[Collected data entries]
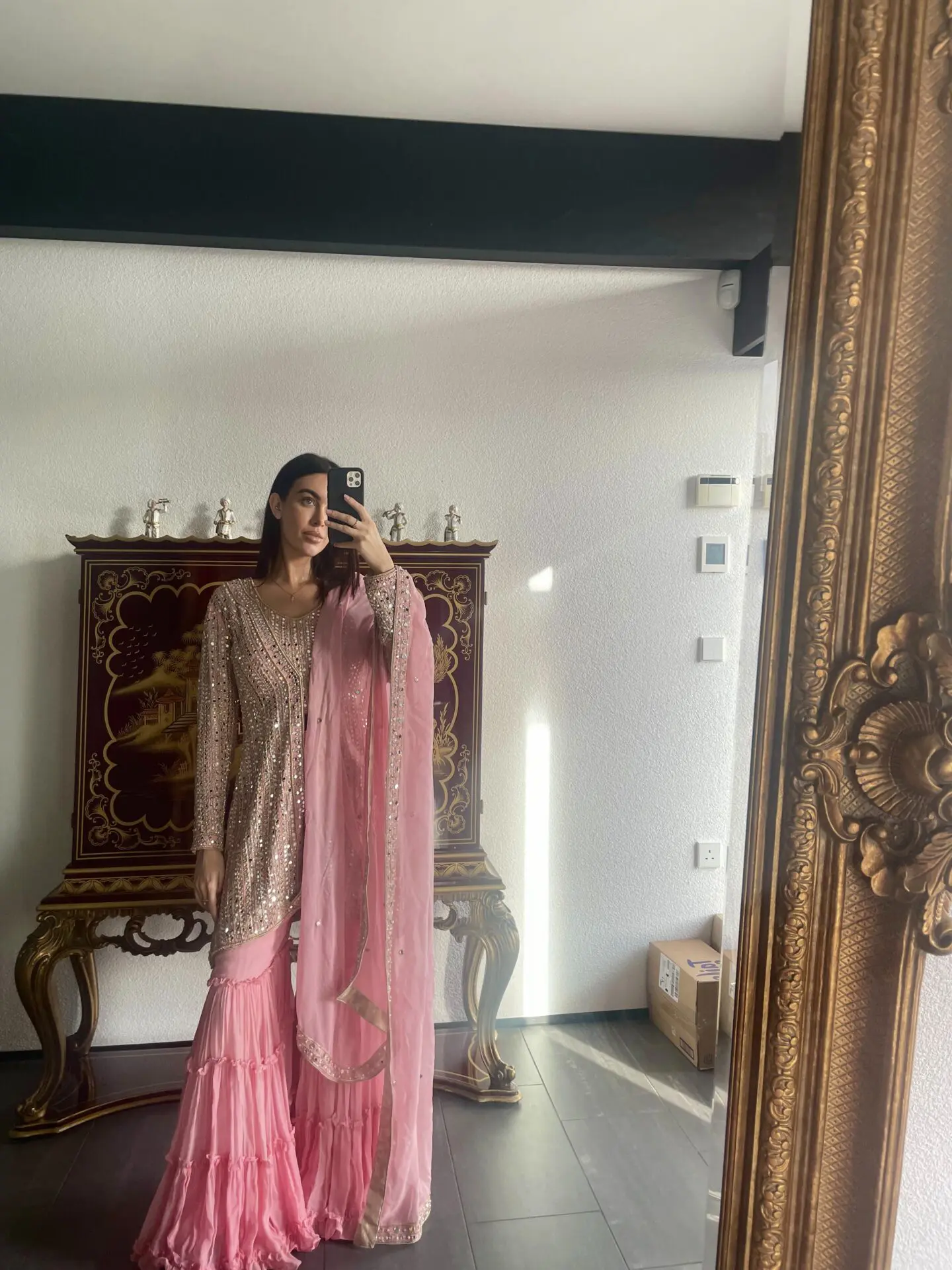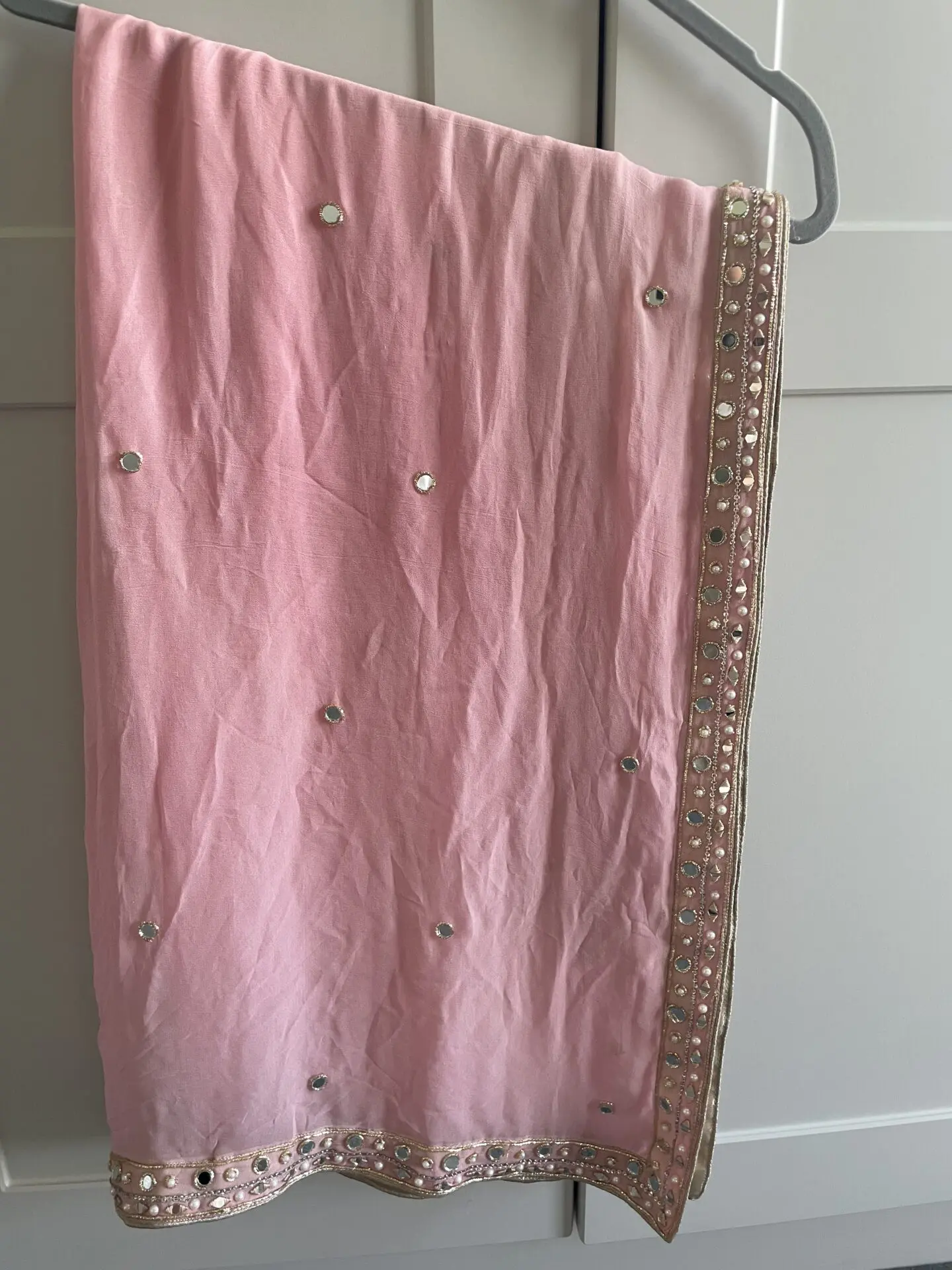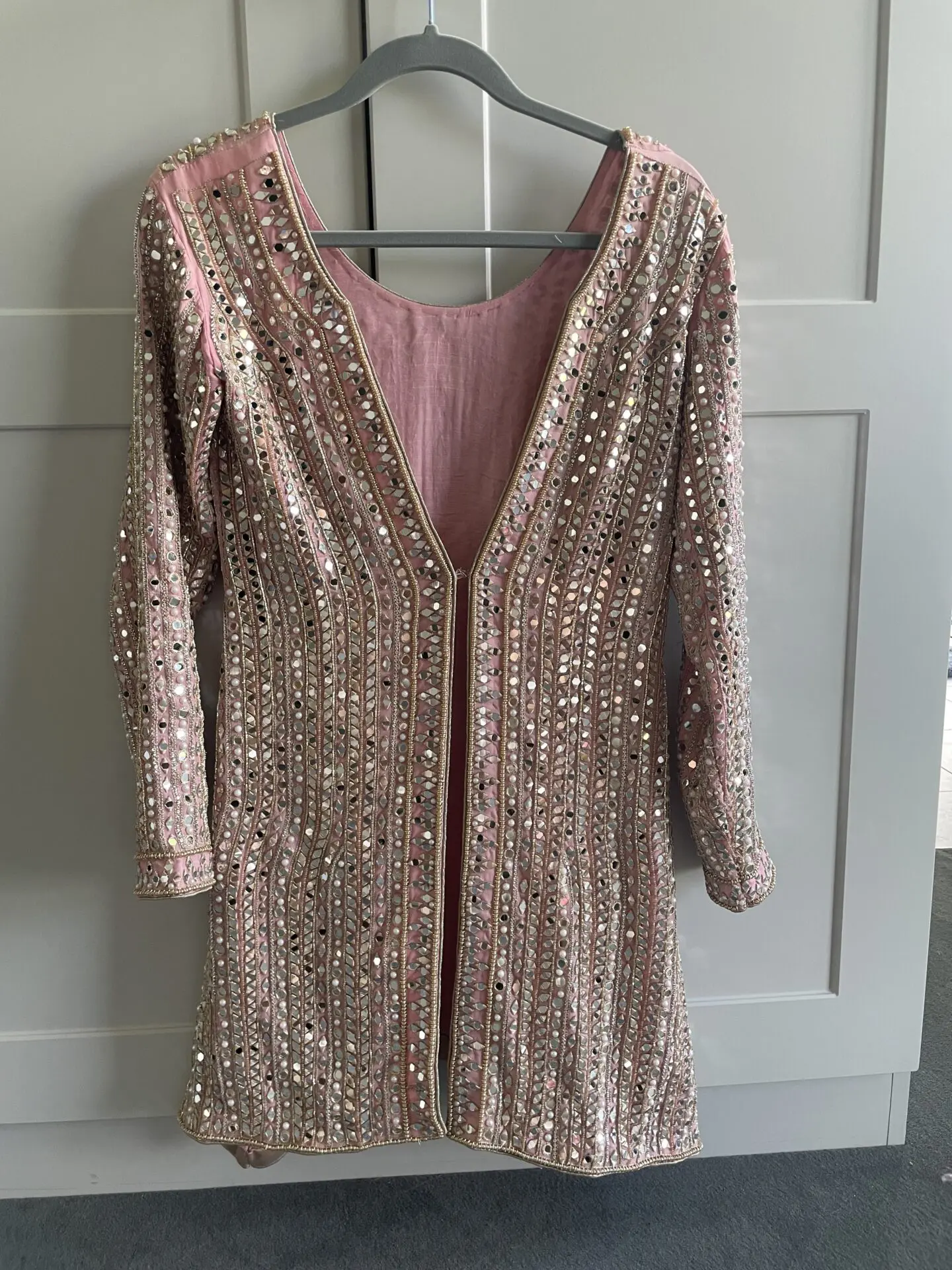 Zoya Ethereal hand embroidered pearl and glass detail top and jacket with matching scarf. Worn once for a wedding ceremony. One of kind piece. Italian lightweight material. RRP £600.
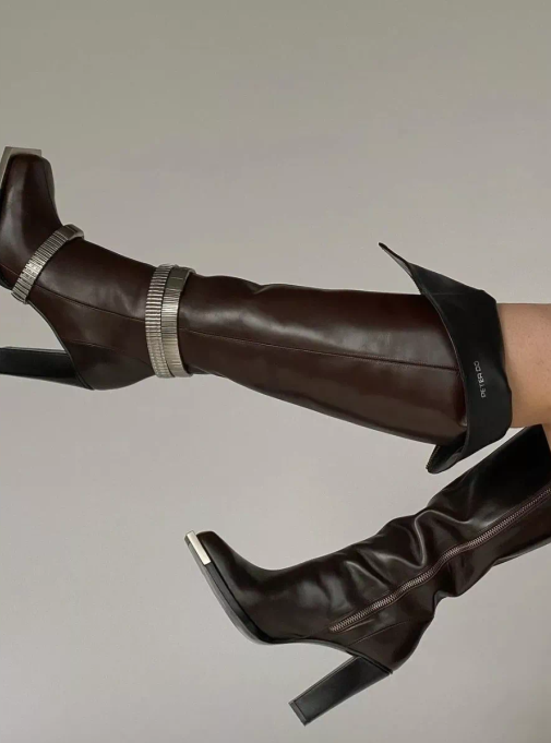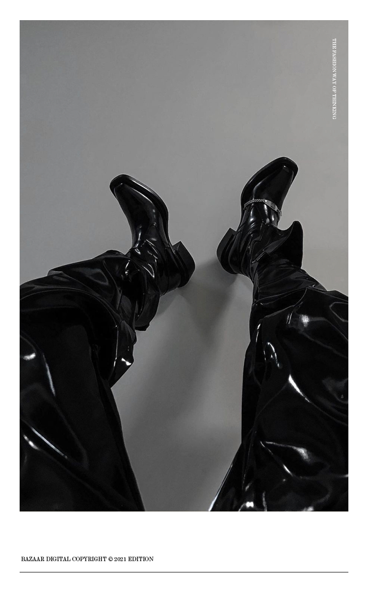 看到雨绮姐姐穿上它家的这双靴子,金属链的造型仿佛悬浮在空中,满满的未来感,真香啊。
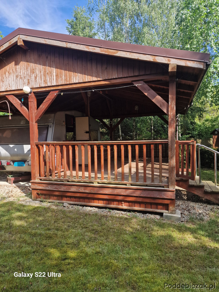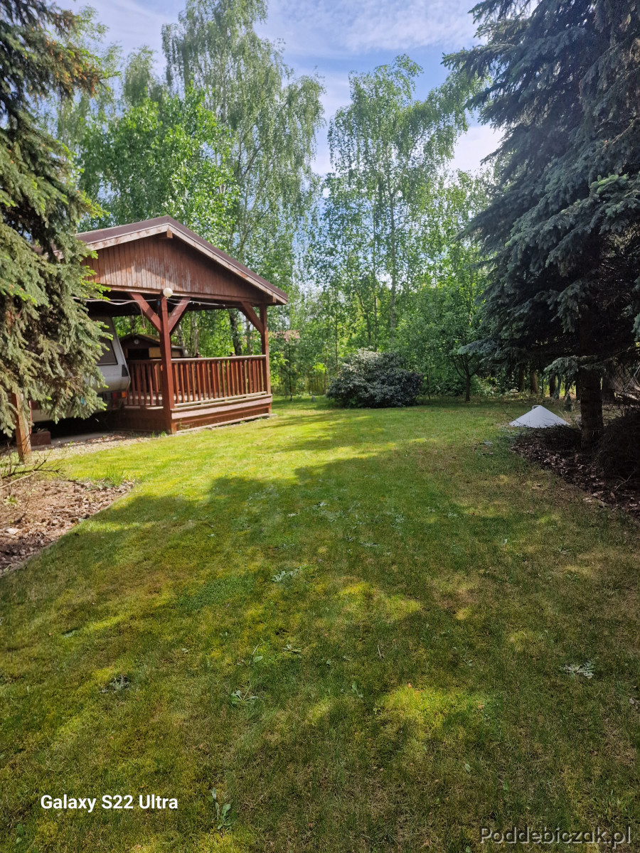 Na działce znajduje się przyczepa kempingowa, która może służyć jako wygodne miejsce do spania podczas letnich wieczorów w otoczeniu natury. Obok przyczepy zlokalizowany jest grill, idealny do przygotowania pysznych potraw na świeżym powietrzu. Dodatkowo, altana zapewnia schronienie przed słońcem i deszczem oraz jest doskonałym miejscem do relaksu i spożywania posiłków na zewnątrz.
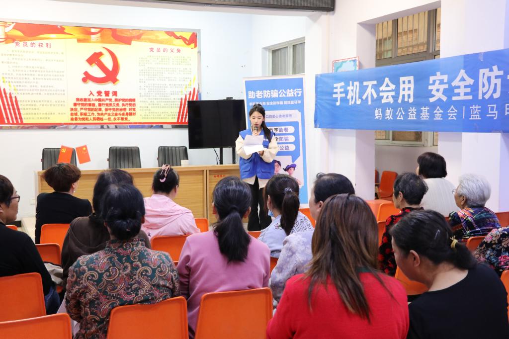“有问题,找蓝马甲!”在洛阳市洛龙区白碛社区,志愿者铿锵有力的话语获得了群众的阵阵掌声。这是我校4月18日开展的“蓝马甲行动进社区”活动中的一幕。该活动由蚂蚁集团公益基金会、河南省青少年发展基金会联合发起,我校承办,通过提供数字助老、防骗知识普及、金融安全知识讲座等社区公益志愿服务活动,为老年人解决手机不会用、不敢用的问题,提高老年人的识骗、防骗能力,搭建起一个“人服务人”的志愿者平台。
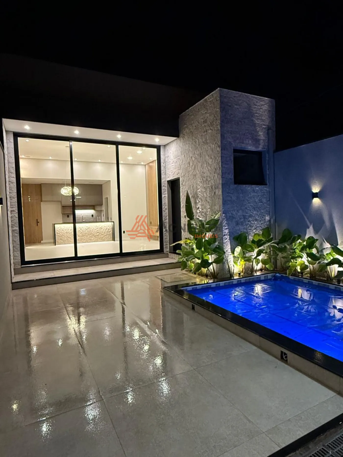Imóvel novo, com excelente acabamento, três dormitórios sendo uma suíte, banheiro social, sala, cozinha com armários, piscina e duas vagas de garagem.

§ GOAL OF THE EXERCISE:
Return all the lines above exactly; none of the pictures should appear.

§ OUTPUT OF THE TASK:
 Zoya Ethereal hand embroidered pearl and glass detail top and jacket with matching scarf. Worn once for a wedding ceremony. One of kind piece. Italian lightweight material. RRP £600.
 看到雨绮姐姐穿上它家的这双靴子,金属链的造型仿佛悬浮在空中,满满的未来感,真香啊。
 Na działce znajduje się przyczepa kempingowa, która może służyć jako wygodne miejsce do spania podczas letnich wieczorów w otoczeniu natury. Obok przyczepy zlokalizowany jest grill, idealny do przygotowania pysznych potraw na świeżym powietrzu. Dodatkowo, altana zapewnia schronienie przed słońcem i deszczem oraz jest doskonałym miejscem do relaksu i spożywania posiłków na zewnątrz.
“有问题,找蓝马甲!”在洛阳市洛龙区白碛社区,志愿者铿锵有力的话语获得了群众的阵阵掌声。这是我校4月18日开展的“蓝马甲行动进社区”活动中的一幕。该活动由蚂蚁集团公益基金会、河南省青少年发展基金会联合发起,我校承办,通过提供数字助老、防骗知识普及、金融安全知识讲座等社区公益志愿服务活动,为老年人解决手机不会用、不敢用的问题,提高老年人的识骗、防骗能力,搭建起一个“人服务人”的志愿者平台。
Imóvel novo, com excelente acabamento, três dormitórios sendo uma suíte, banheiro social, sala, cozinha com armários, piscina e duas vagas de garagem.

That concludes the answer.